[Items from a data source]
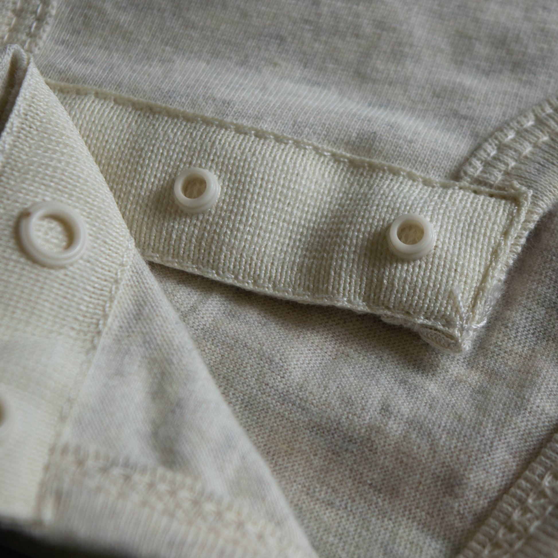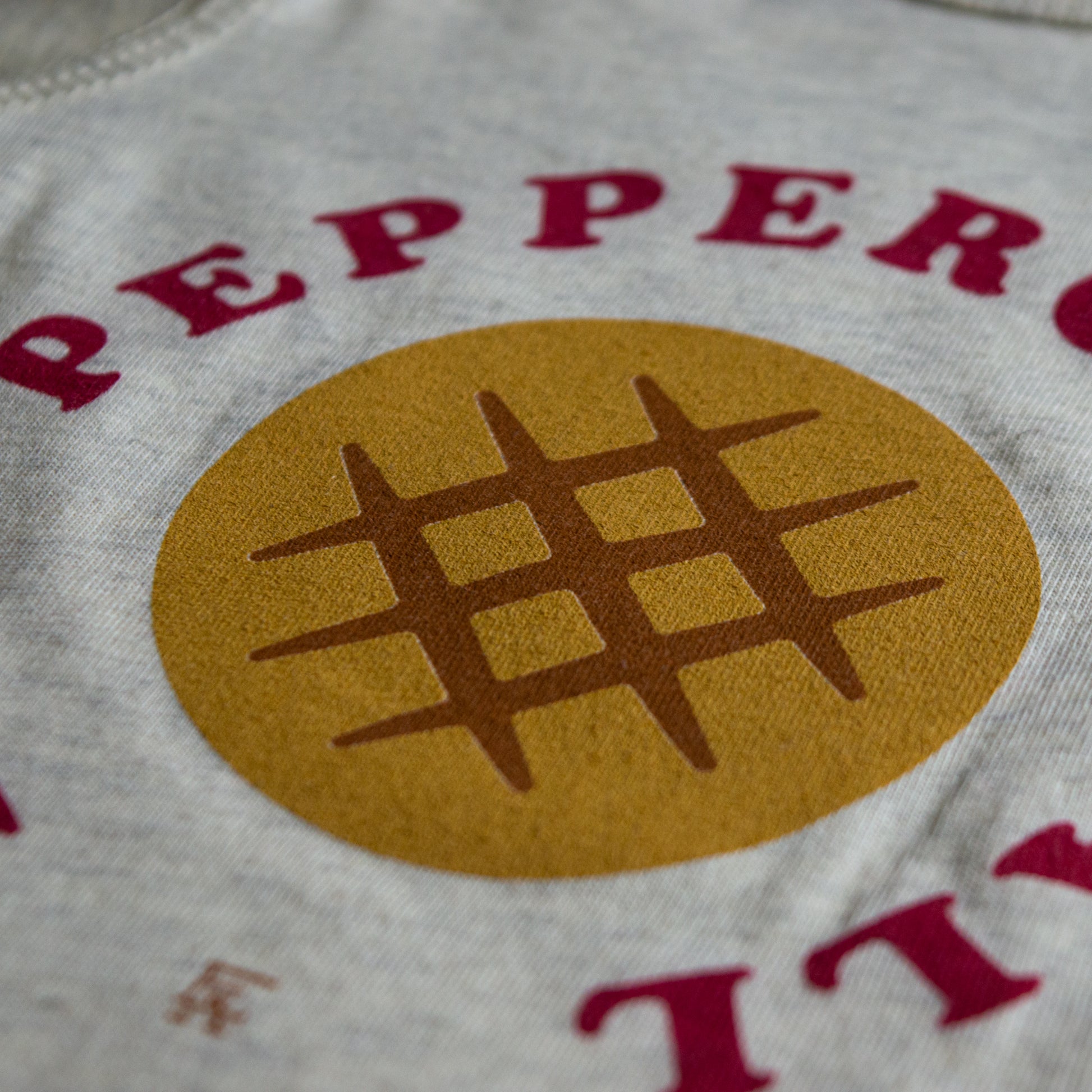 Printed on a 60/40 blend heather grey onesie with red and tan ink. Modern fitting.
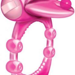 Pierced Tongue Vibrating Silicone Cock Ring Waterproof Magenta
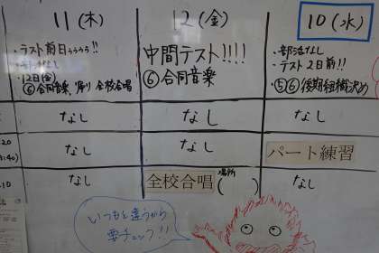 連合音楽会に向けた練習予定と共に、中間テストの予定が・・・。
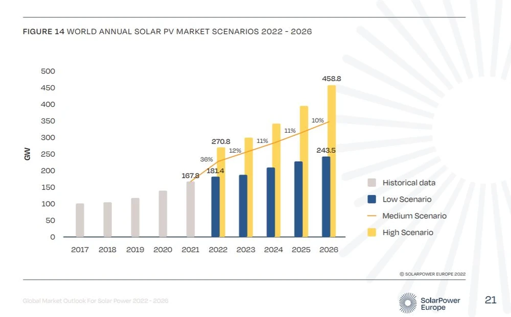 Während die Konsumfreude in vielen Branchen sinkt, hält der Run auf Solaranlagen aufgrund des hohen Strompreises an. SolarPower Europe hat nun eine Prognose für die saubere Sonnenkraft vorgelegt. Der Weltmarkt wachse exponentiell – siehe Grafik. Passend dazu setzen Varta, SolarEdge und SMA Solar auf neue Produkte.
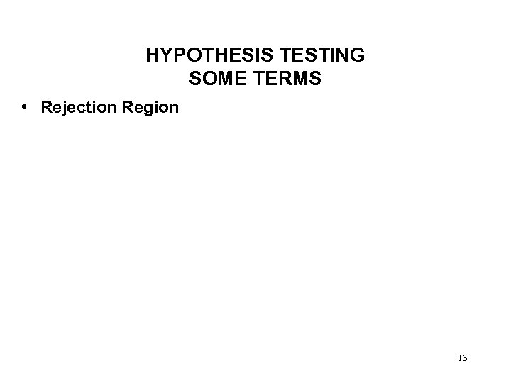 HYPOTHESIS TESTING SOME TERMS • Rejection Region 12
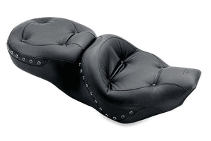 Mustang's one-piece ultra comfortable Standard Touring design provides the rider and passenger with the fullest, most comfortable seat possible. The seat nose is narrower than stock so that the rider can more easily plant feet on the ground. The 17" wide front bucket and the 14" wide rear seat are available plain or with black pearl-centered studs. The baseplate is open in the middle to accept a Mustang or H-D driver backrest kit.
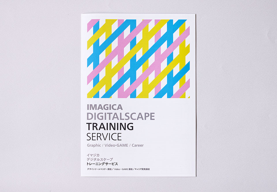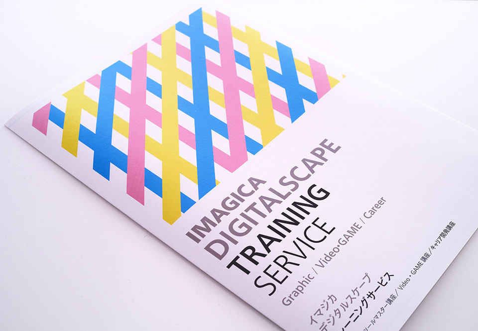 イマジカデジタルスケープのトレーニングサービスのパンフレットのデザインです。グラフィック、Web、映像の3種のスクール講座です。
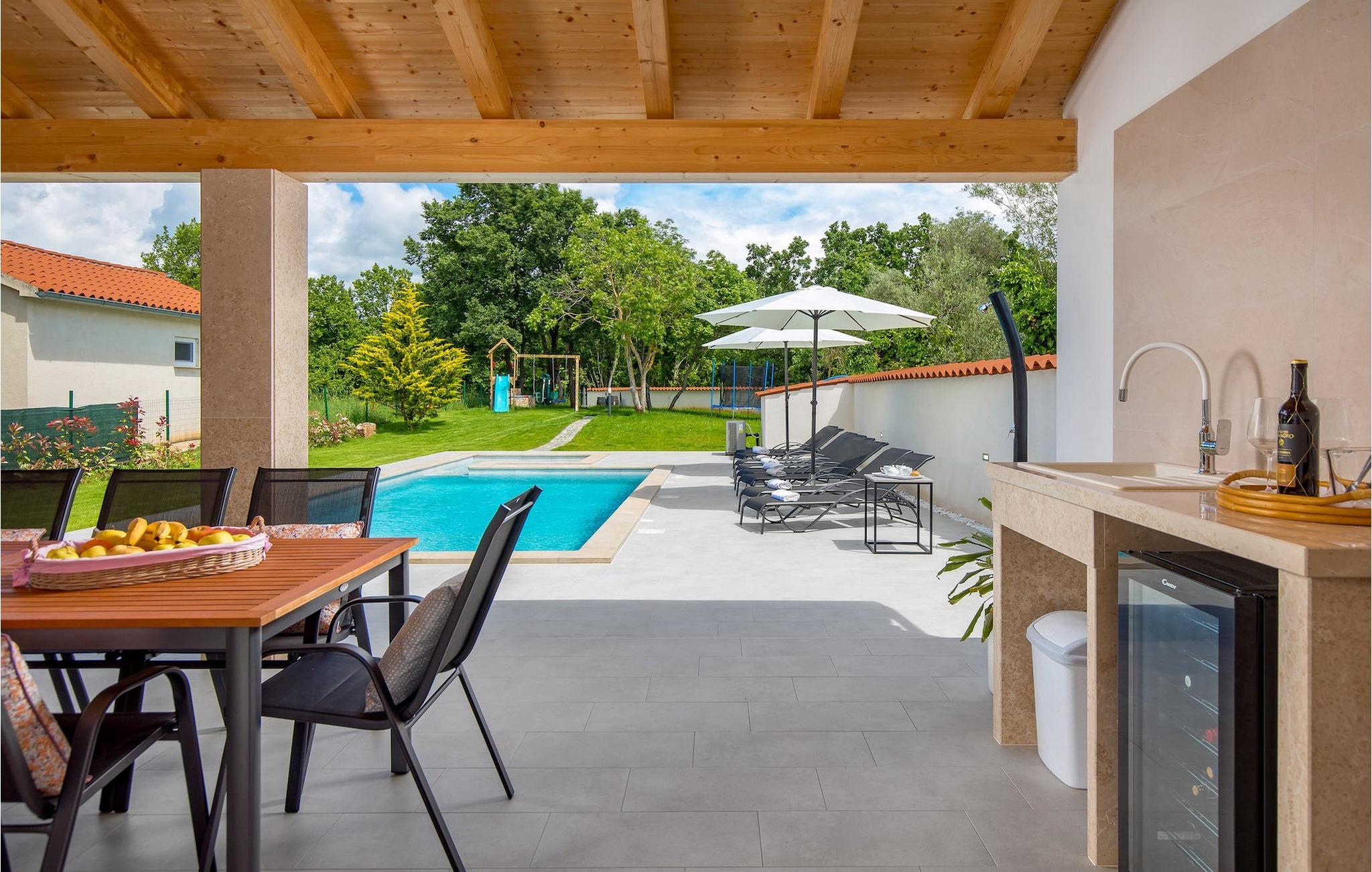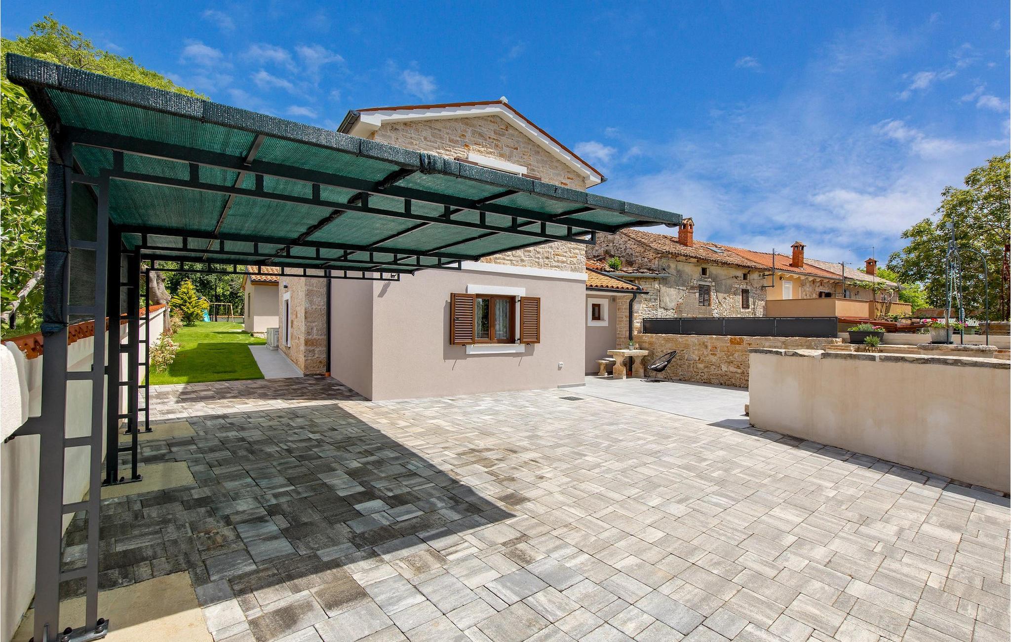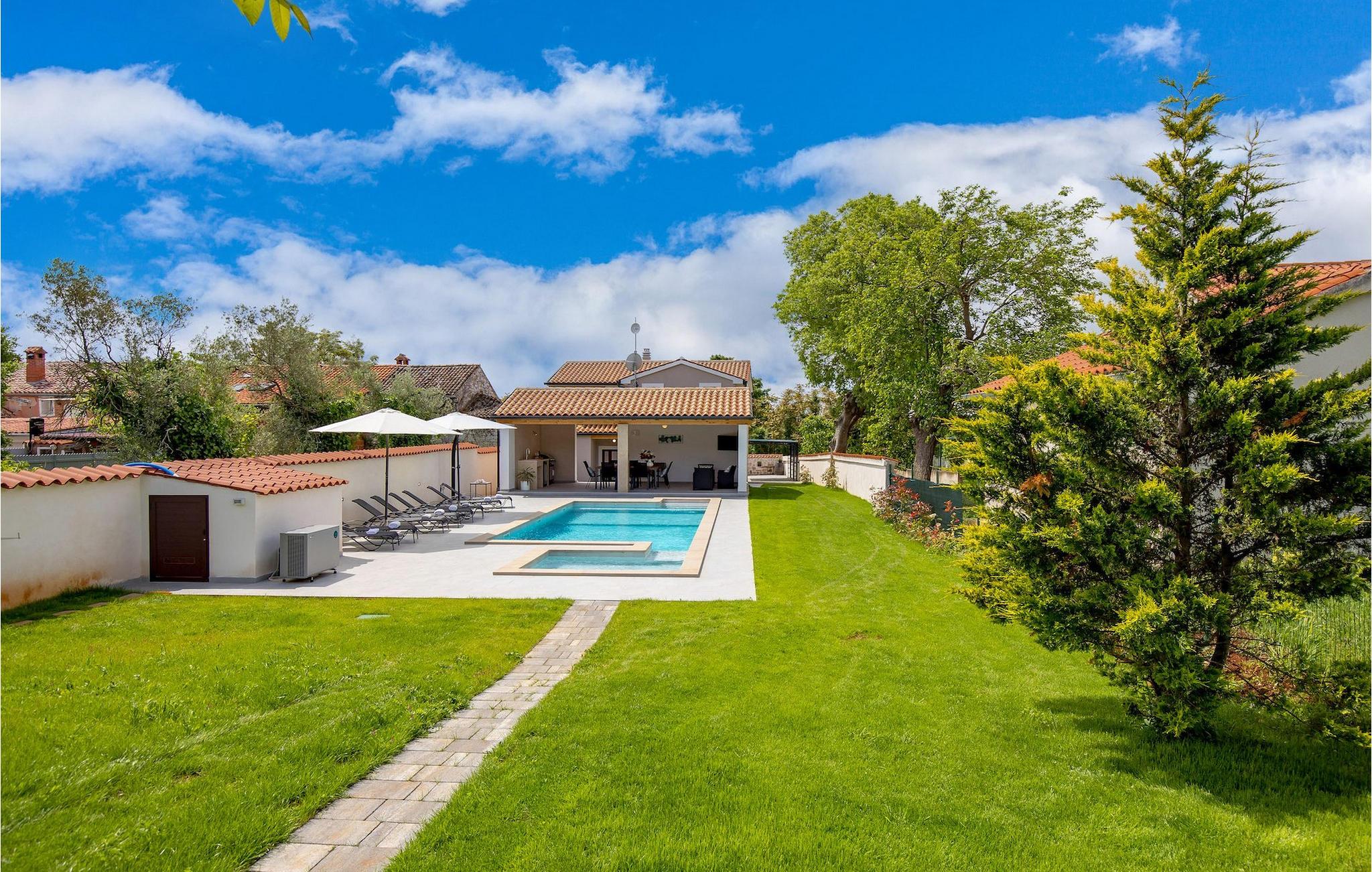 Die atemberaubende Villa Nola ist ein wahres istrisches Juwel und die perfekte Ferienvilla mit beheiztem Pool für eine 8-köpfige Familie in der Nähe des Meeres. Villa Nola bietet alles, was eine Familie oder eine Gruppe von Freunden für ihren Urlaub braucht. Im Außenbereich können Sie viele unterhaltsame und entspannende Stunden verbringen, indem Sie im Pool spielen, sich an heißen Sommertagen erfrischen, auf den Sonnenliegen die Sonnenstrahlen genießen und ein kaltes Getränk genießen, während die Kinder auf dem Spielplatz spielen. Sportliebhaber können auch im Urlaub fit bleiben, indem sie sich auf den Sportanlagen im Garten auspowern. Außerdem können Sie auf dem Gasgrill im Freien hausgemachte und traditionelle kroatische Gerichte zubereiten und im Essbereich im Freien herrlich speisen. Villa Nola verfügt außerdem über einen Hydromassage- und beheizten Pool mit einem Kinderpool mit geringerer Tiefe für sicheren und unbeschwerten Spaß für die Kinder. Auch der Innenbereich der Villa überzeugt durch ein modernes Design mit traditionellen Akzenten und Details. Im Erdgeschoss der Villa befanden sich ein Wohnzimmer, ein Esszimmer mit einer voll ausgestatteten Küche, ein Schlafzimmer mit Doppelbett, ein Badezimmer mit Dusche sowie eine separate Toilette im Waschraum. Die obere Etage besteht aus 3 weiteren Doppelzimmern, jedes mit eigenem Bad, SAT-TV und Klimaanlage. Mit einem Aufenthalt in der Villa Nola können Sie einen erholsamen und dennoch unterhaltsamen Urlaub mit Ihren Libesten verbringen. Zögern Sie also nicht, diese schöne istrische Villa zu buchen. Villa Nola befindet sich in einem kleinen Dorf namens Mali Vareski im östlichen Teil der Halbinsel Istrien. Die Villa bietet eine großartige Lage für Gäste, die gerne die Natur, atemberaubende Strände und schöne istrische Städte erkunden. Innerhalb einer kurzen Autofahrt erreichen Sie die beliebte Touristenstadt Pula, die für ihre historischen Denkmäler bekannt ist. Sie können an die Küste fahren und tolle Erinnerungen an der Adria sammeln und sich auch im Urlaub auf den vielen Radwegen in der Nähe in Form halten. Vergessen Sie nicht, die traditionelle istrische Küche zu genießen, indem Sie die süßen Tavernen in der Nähe besuchen und das probieren, wofür Istrien am berühmtesten ist, wie Olivenöl, Trüffel, Fuzi oder istrischen Prosciutto. Es gibt viele Möglichkeiten, den Charme Istriens bei einem Aufenthalt in der Villa Nola wirklich zu spüren, und die Lage bietet Ihnen so viele tolle Sehenswürdigkeiten und Dinge, die es zu erkunden gilt. Die Temperatur des beheizten Schwimmbades hängt von äußeren Faktoren, einschließlich der Wetterbedingungen, ab und daher kann die Wassertemperatur nicht garantiert werden.

AIM OF THE EXERCISE:
Without including any picture, print every record exactly as written above.

RESPONSE TO THE EXERCISE:
 Printed on a 60/40 blend heather grey onesie with red and tan ink. Modern fitting.
 Pierced Tongue Vibrating Silicone Cock Ring Waterproof Magenta
 連合音楽会に向けた練習予定と共に、中間テストの予定が・・・。
 Während die Konsumfreude in vielen Branchen sinkt, hält der Run auf Solaranlagen aufgrund des hohen Strompreises an. SolarPower Europe hat nun eine Prognose für die saubere Sonnenkraft vorgelegt. Der Weltmarkt wachse exponentiell – siehe Grafik. Passend dazu setzen Varta, SolarEdge und SMA Solar auf neue Produkte.
 HYPOTHESIS TESTING SOME TERMS • Rejection Region 12
 Mustang's one-piece ultra comfortable Standard Touring design provides the rider and passenger with the fullest, most comfortable seat possible. The seat nose is narrower than stock so that the rider can more easily plant feet on the ground. The 17" wide front bucket and the 14" wide rear seat are available plain or with black pearl-centered studs. The baseplate is open in the middle to accept a Mustang or H-D driver backrest kit.
 イマジカデジタルスケープのトレーニングサービスのパンフレットのデザインです。グラフィック、Web、映像の3種のスクール講座です。
 Die atemberaubende Villa Nola ist ein wahres istrisches Juwel und die perfekte Ferienvilla mit beheiztem Pool für eine 8-köpfige Familie in der Nähe des Meeres. Villa Nola bietet alles, was eine Familie oder eine Gruppe von Freunden für ihren Urlaub braucht. Im Außenbereich können Sie viele unterhaltsame und entspannende Stunden verbringen, indem Sie im Pool spielen, sich an heißen Sommertagen erfrischen, auf den Sonnenliegen die Sonnenstrahlen genießen und ein kaltes Getränk genießen, während die Kinder auf dem Spielplatz spielen. Sportliebhaber können auch im Urlaub fit bleiben, indem sie sich auf den Sportanlagen im Garten auspowern. Außerdem können Sie auf dem Gasgrill im Freien hausgemachte und traditionelle kroatische Gerichte zubereiten und im Essbereich im Freien herrlich speisen. Villa Nola verfügt außerdem über einen Hydromassage- und beheizten Pool mit einem Kinderpool mit geringerer Tiefe für sicheren und unbeschwerten Spaß für die Kinder. Auch der Innenbereich der Villa überzeugt durch ein modernes Design mit traditionellen Akzenten und Details. Im Erdgeschoss der Villa befanden sich ein Wohnzimmer, ein Esszimmer mit einer voll ausgestatteten Küche, ein Schlafzimmer mit Doppelbett, ein Badezimmer mit Dusche sowie eine separate Toilette im Waschraum. Die obere Etage besteht aus 3 weiteren Doppelzimmern, jedes mit eigenem Bad, SAT-TV und Klimaanlage. Mit einem Aufenthalt in der Villa Nola können Sie einen erholsamen und dennoch unterhaltsamen Urlaub mit Ihren Libesten verbringen. Zögern Sie also nicht, diese schöne istrische Villa zu buchen. Villa Nola befindet sich in einem kleinen Dorf namens Mali Vareski im östlichen Teil der Halbinsel Istrien. Die Villa bietet eine großartige Lage für Gäste, die gerne die Natur, atemberaubende Strände und schöne istrische Städte erkunden. Innerhalb einer kurzen Autofahrt erreichen Sie die beliebte Touristenstadt Pula, die für ihre historischen Denkmäler bekannt ist. Sie können an die Küste fahren und tolle Erinnerungen an der Adria sammeln und sich auch im Urlaub auf den vielen Radwegen in der Nähe in Form halten. Vergessen Sie nicht, die traditionelle istrische Küche zu genießen, indem Sie die süßen Tavernen in der Nähe besuchen und das probieren, wofür Istrien am berühmtesten ist, wie Olivenöl, Trüffel, Fuzi oder istrischen Prosciutto. Es gibt viele Möglichkeiten, den Charme Istriens bei einem Aufenthalt in der Villa Nola wirklich zu spüren, und die Lage bietet Ihnen so viele tolle Sehenswürdigkeiten und Dinge, die es zu erkunden gilt. Die Temperatur des beheizten Schwimmbades hängt von äußeren Faktoren, einschließlich der Wetterbedingungen, ab und daher kann die Wassertemperatur nicht garantiert werden.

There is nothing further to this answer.